I suspect that for some real nonnegative values $a_1, \dots, a_n$ the equation $$(x+1-a_1)(x+1-a_2)\cdots (x+1-a_n)=(-1)^n$$ has no roots that could be algebraically expressed using $a_1,\dots,a_n,n$.
I've found at least one set of such $a_i$'s, but they are complex; for $a^T=(1, 2, 0, 1+i, 1-i)$ we get: $(x+1-1)(x+1-2)(x+1-0)(x+1-1-i)(x+1-1+i)=(-1)^5=-1$
$x(x-1)(x+1)(x-i)(x+i)=-1$
$x(x^2-1)(x^2+1)=-1$
$x(x^4-1)=-1$
$x^5-x+1=0$
Wikipedia says this particular polynomial is an example of a quintic whose roots cannot be expressed in terms of radicals. This is what I'm looking for, however some of my $a_i$'s weren't real nonnegative numbers.
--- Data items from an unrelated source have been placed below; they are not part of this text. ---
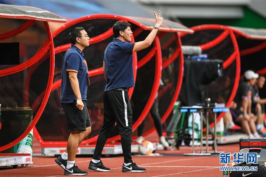 9月28日,武汉卓尔队代理主教练庞利(右一)在场边指挥。 当日,在2020赛季中国足球协会超级联赛第一阶段(苏州赛区)第14轮比赛中,天津泰达队以0比0战平武汉卓尔队。 新华社记者 李博 摄
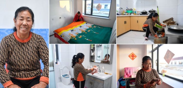 吉林省舒兰市开原镇新开村村民徐中仁在新房子中的生活场景(12月7日摄,拼版照片)。徐中仁说,“土炕”变“大床”,WIFI、自来水、室内马桶一应俱全,新房子让她体验上了“城里的生活”。新华社记者 许畅 摄
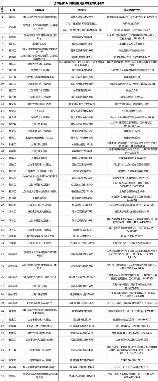 附件2:上海市提供24小时核酸检测服务的医疗结构名单
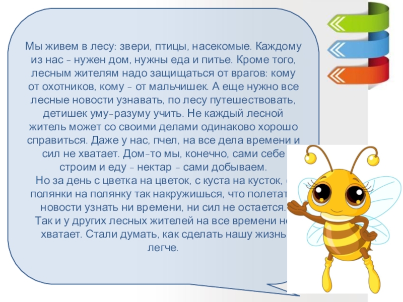 Так и у других лесных жителей на все времени не хватает. Стали думать, как сделать нашу жизнь легче.
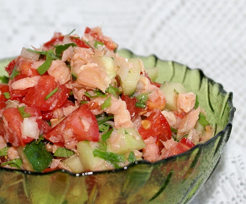 Салата с поврћем и димљеним ружичастим лососом је интригантан укус и минимално калорија. Јело се лако припрема код куће.
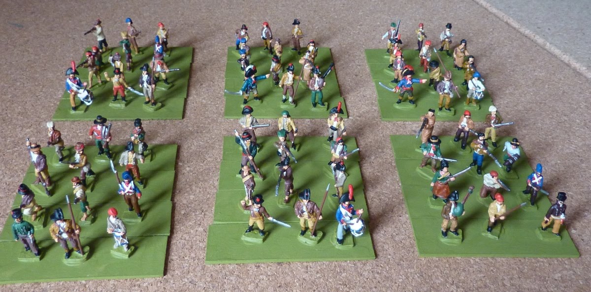 Ludovico also wanted to see a picture of all the guerrilleros together, so here they are. The 4 "battalions" at the front are mostly a mixture of Qualiticast and Kennington, the remainder are the ones I pictured yesterday (though they now have flags and sabots), and they are almost all Falcata. There is also a mounted unit, but I forgot to include them [sorry, Ludovico]. The Falcata figures, being just a little taller, are on 2mm plywood bases, while the others are on 3mm MDF. This is what passes for house standards here.
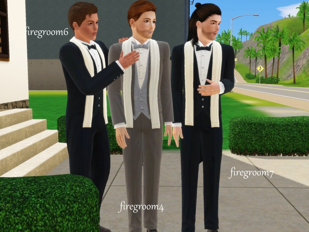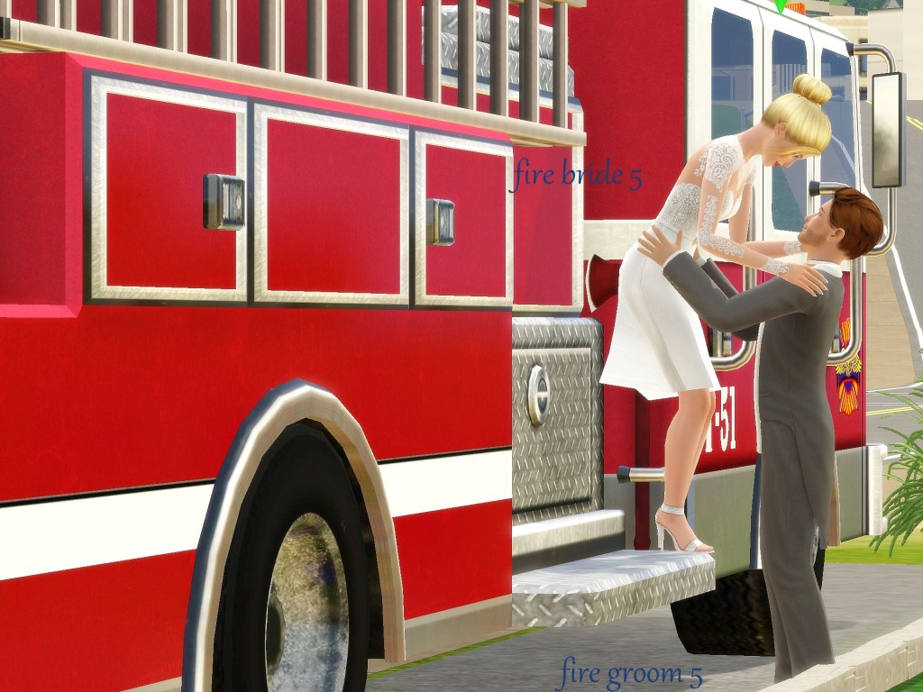 This set was requested for a story at booomcha.com.  The bride is left behind with no way to get to the church.  A firetruck driving by comes to the rescue.  The bride is nervous at first but then starts enjoying the ride.  She arrives at the church where the groom and his men are waiting, concerned that she hasn’t arrived.  Laughing when they see her get there.
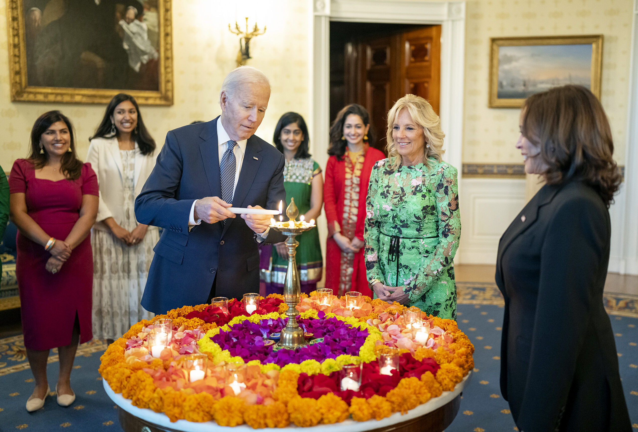 વ્હાઇટ હાઉસમાં દિવાળીની ઉજવણીના કાર્યક્રમમાં પ્રેસિડન્ટ જો બાઇડને જણાવ્યું હતું કે અમે તમને આવકારતા સન્માનિત થયા છીએ. વ્હાઇટ હાઉસમાં આટલા મોટા પ્રમાણમાં દિવાળીની પ્રથમ ઉજવણી છે. ઈતિહાસમાં અત્યાર સુધીના સૌથી વધુ એશિયન અમેરિકનો ઉપસ્થિત છે અને અમે દિવાળીની ઉજવણીને અમેરિકન સંસ્કૃતિનો આનંદદાયક ભાગ બનાવવા બદલ તમારો આભાર માનવા માંગીએ છીએ.” આ સમયે ફર્સ્ટ લેડી જિલ બાઈડેન, નાયબ પ્રમુખ કમલા હેરિસ સહિત ભારતીય મૂળના ૨૦૦થી વધુ લોકો હાજર રહ્યા હતા. તેઓ પરંપરાગત ભારતીય પહેરવેશ શેરવાની, સાડીમાં પહોંચ્યા હતા અને આ રંગારંગ કાર્યક્રમમાં સિતારવાદક ઋષભ વર્માએ પરફોર્મ કર્યું હતું. કાર્યક્રમમાં મહેમાનોએ ભારતીય મીઠાઈઓનો સ્વાદ માણ્યો હતો. વ્હાઈટ હાઉસમાં સોમવારની રાતે દિવાળી પાર્ટીનું આયોજન કરાયું હતું. વ્હાઈટ હાઉસમાં આ વર્ષના દિવાળી સમારંભમાં પ્રમુખ જો બાઈડેને મંચ પર બે બાળકોને બોલાવ્યા હતા અને તેમને પ્રકાશપુંજ તરીકે ઓળખાવ્યા હતા.

Where should I be looking for some sample $a_i$ withing the boundaries of my interest that would lead to a polynomial that is known to have no radical roots or other candidates than $x^5-x+1=0$ that would suit my needs? The Course in computational algebraic number theory by H. Cohen contains some mysterious list of polynomials in the Computing Galois Groups section but I was unable to make any sense of it.
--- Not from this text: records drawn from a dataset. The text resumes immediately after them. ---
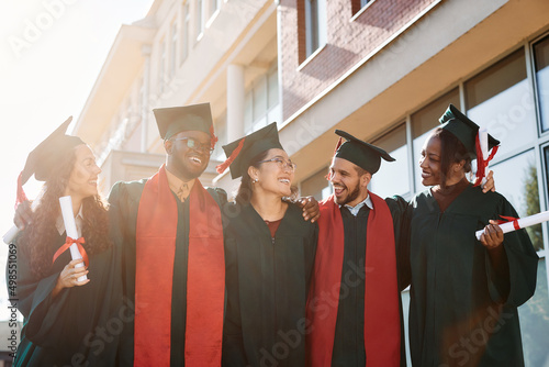 Group of cheerful multiracial students have fun after graduation ceremony.
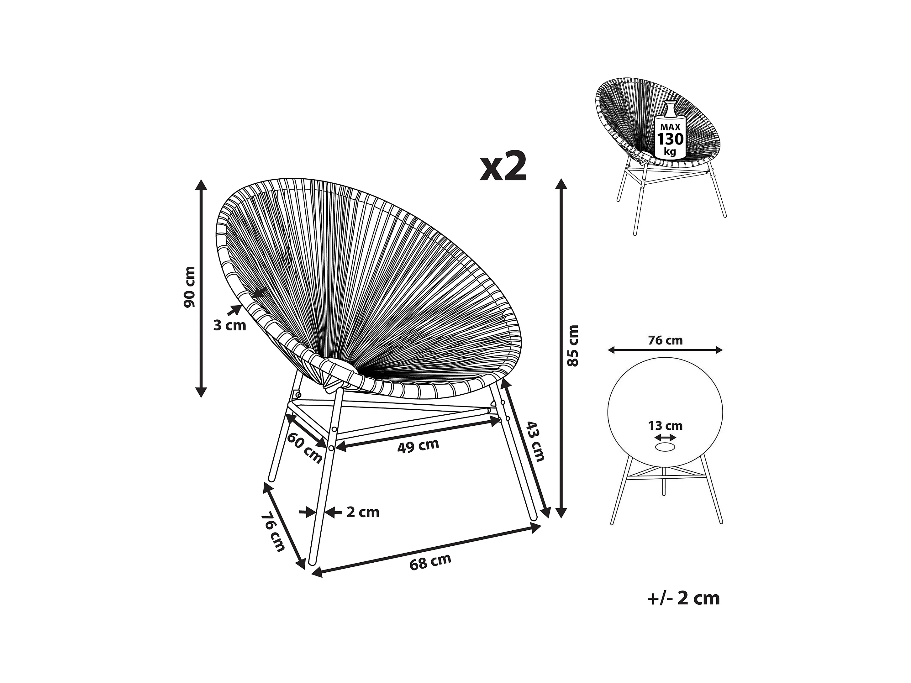 Set di 2 sedie da giardino ACAPULCO Bianco
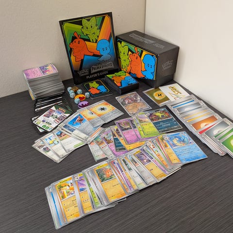 Pokémon samling av kortspill med ulike motiver og typer, inkludert energikort, karakterkort og angrepskort. Kortene varierer i farge, design og funksjon, og kan brukes til spill og samling.

By the way, if there is any nicer way of showing this, I would also highly appreciate it. Or maybe it is possible to solve the equation for all $\mathbb{R}_+$ numbers?
Thanks a lot!
Any irreducible quintic that has exactly two nonreal zeros has Galois group $S_5$ and therefore its zeros can't be expressed in radicals. It's easy to make up examples of such polynomials of the forms $ax^5+bx^i+c$ for $i=1,2,3,4$ just using a bit of Calculus to force the two nonreal zeros, and Eisenstein or reduction modulo 2 to force the irreducibility. Whether any of the polynomials of these forms will satisfy your factorization property, I don't know, but it seems worth a try.